Poor Things spazza via Barbie con un po’ di sano genio hardcore. Riabituarci alla qualità, dopo la sbronza rosa e manierata della Mattel, ci rende tutti meno burattini e persone migliori.
L’effetto è in un primo momento liberatorio e poi rigenerante. Poor Things di Yorgos Lanthimos (in italiano Povere creature!, in sala dal 24 gennaio 2024) è un gran bel film – finora il migliore passato a Venezia – e andrebbe anche solamente visto perché in venti minuti spazza via la stagione del monsone Barbie, con il suo pinkwashing, i costrutti pedagogici a prova di like e pure l’estetica plasticosa e pastellata.
Basterebbe questo per essere grati alla pellicola del regista greco, che trae spunto dal romanzo di Alasdair Gray.

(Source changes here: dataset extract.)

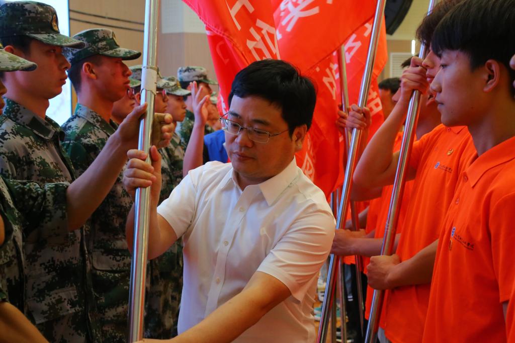 7月6日下午,我校在学术会堂举行2023年大学生暑期“三下乡”社会实践暨新时代文明实践活动出征仪式议程。党委副书记田昊,党委宣传部部长王金辉,学工部部长、学生处处长郝军,各二级学院党总支书记、团总支书记、暑期社会实践团队指导老师、学生代表共计300余人参加了出征仪式。仪式由团委副书记薛媚主持。

E invece nei minuti successivi Poor Things va anche oltre e asfalta la pellicola di Gerwig.
Breve sinossi: Poor Things è la storia di una donna incinta morta suicida a cui viene trapiantato il cervello del proprio feto e poi viene rianimata. Bella Baxter (Emma Stone, strepitosa!) si ritrova quindi a vivere da infante in un corpo di donna, ma senza saperlo.
A questo aggiungici Lanthimos (Dogtooth, The Lobster, Il sacrificio del cervo sacro, La favorita, solo per dirne alcuni). Dati i presupposti, il rischio (e la preoccupazione) era quella di trovarsi di fronte ad un dramma stralunato e poco accessibile. Invece il regista greco ci propone una commedia (dark?) femminista, più punk che pink, a tratti esilarante.
L’archetipo originario è quello di Frankenstein. Ma più quello junior di Mel Brooks che l’originale della Shelley. Il rovesciamento prospettico avviene quando scopriamo che il mostro frankesteineizzato non è Bella, quanto più il suo creatore, Godwin Baxter (Willem Dafoe), detto God, il chirurgo frutto dell’anafettivo scienzismo del padre, che si è accanito sul figlio nelle sue bizzarre sperimentazioni anatomiche.
È il primo assaggio di tossicità maschile che troviamo nel film. Bella è riportata alla vita ma da prigioniera. Il suo destino sarebbe quello di non conoscere il mondo al di fuori della magione del Dr.Baxter, popolata di bestie balzane.
Più Casa di Bambola che casa di Barbie: back to the basics bitches 🙂
Anziché l’utopia confettosa di Gerwig, Yorgos ci immerge in un mondo ctonio e bianco e nero, rappresentato da grandangoli malati e da inquadrature fisheye che ci fanno sembrare guardoni bramosi mentre spiamo Bella scoprire l’orgasmo.
La gioia del suo corpo è il martello che distrugge ogni muro. Il bianco e nero lascia spazio a tinte sature e a scenari retrofuturistici pazzeschi.
Bella compie un gran tour tra Londra, Lisbona e Parigi. Come Barbie scopre il mondo reale, ma questa volta usando il proprio corpo come strumento di scoperta, senza rifilarci monologhi da maestrine woke. All’assessualità puritana di Barbie, si oppone Poor Things che esplode di sesso, gioioso e formativo.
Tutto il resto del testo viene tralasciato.